Tamysn was such an easy going guest. And really, more like one of the family than a visitor. It was so nice to have the kind of visit where ordinary pastimes and relaxed time together was the order of each day.




And she made us dinner! A fabulous Indian dinner. How good? So good that we had her make everything, again, the next night, so William could learn the recipes. (Still recovering, Alex opted to be out of the picture. But he did love the soft, vegetarian meal.)


I miss her singing. So much. When we were neighbors, when she was like one of my own, we had the regular enjoyment of her singing. I think Chango remembered her, just at this moment. He is very hard of hearing, but if you could see how he watched her, and moved closer and closer, peering into her face... I know he was remembering her.

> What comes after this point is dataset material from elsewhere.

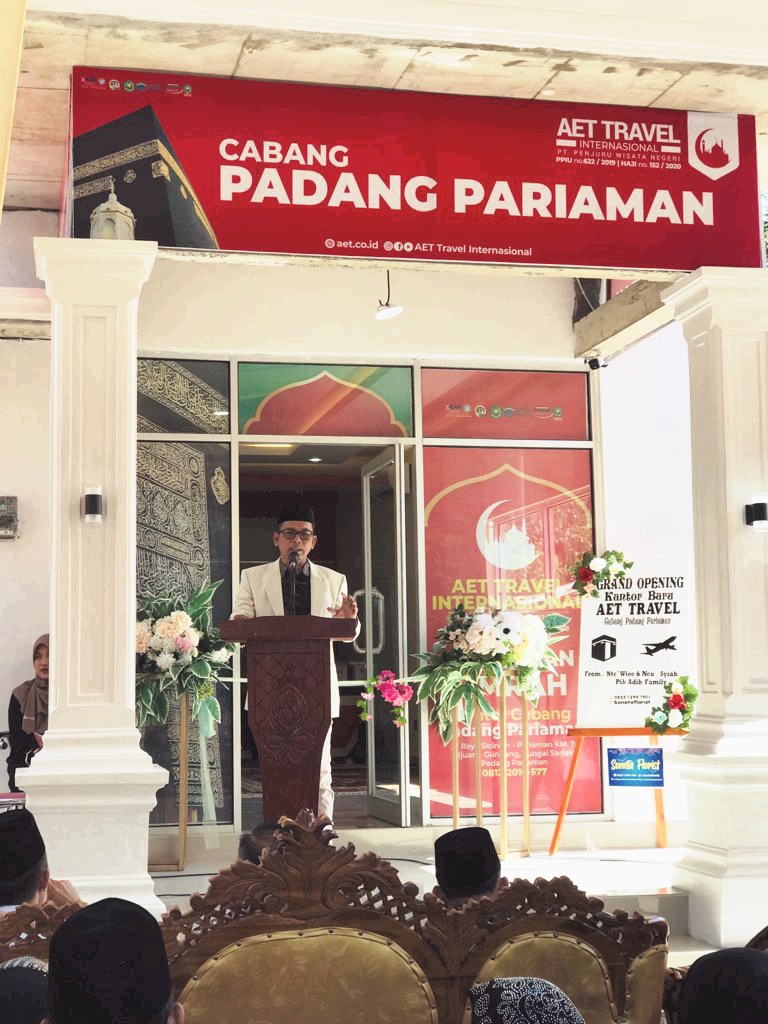 “Pada hari ini kami mengundang Bapak/Ibu semua dalam rangka menghadiri jamuan atau syukuran peresmian Kantor Baru AET Travel Internasional Cabang Padang Pariaman. Semua hal ini kami sadari bahwa kegiatan ini terlaksana semata-mata adalah karena izin, rahmat dan nikmat dari Allah Swt. Semua ini terjadi bukanlah karena kami hebat, Bukan pula karena kami kuat, Akan tetapi semua ini adalah bentuk kebulatan tekad bahwa sejak tahun 2017 kami di amanahi sebagai kepala Cabang AET Travel. Kami telah memadukan niat untuk menjadi jembatan umat ke baitullah yang amanah, terpercaya dan profesional.

And. I kept thinking, Mister Foo is going to walk over here, any minute. He loves music, and singing. And I kept waiting, thinking, Where is that Foo? It was only later, I recalled, he's gone.

January 11

Tamsyn, and Mister Foo, and old blog posts... this is why I had to come back here, and post, again, so I would have more stories to look back on, more memories to revisit, plans to recall, moments to share. Years from now, I don't want to find that I was too shy to write something down, too conservative to discuss an idea, or self-conscious to post a photograph. I could do this in a paper journal, and leave it on a shelf, I know. But Tamsyn is in Paris, and so is Grant. And my Mom is in Oregon, and other family is in Wisconsin, and I have a friend in Massachusetts, others in Australia, one in England, another in Spain, and it's nice to stay in touch, to hear from them, and let them have some glimpses of how we are getting on. It was really dear finding old pictures, and details from ordinary days when we lived next door to Tamsyn, when we tried new things together, and shared adventures, even from other times when we had to say farewell.

January 14


Maybe, Chickenblog will just become a Cat Blog, with loads of expressive cat photos.


Maybe, I'll post artsy photographs of chamomile tea, the damp texture like a watercolor painting, and I'll add a few lines of obtuse poetry about dappled sunlight on winter mornings. Or I could write long essays about the nature of art, and ratastic expressionism in the modern era.

Something. I think I will keep doing something, here.

January 15

Cairo had it coming.

Now I need to take care of laundry. It's okay if you didn't read all of this post, if you only skimmed through the pictures. It's okay if you think blogging is weird or obsessive, or pointless, but... please, no need to mention that to me. I am just trying to do good, where I can, to think about things, deeply, or just scratch the surface.


The first sweet peas. I'm pinching myself.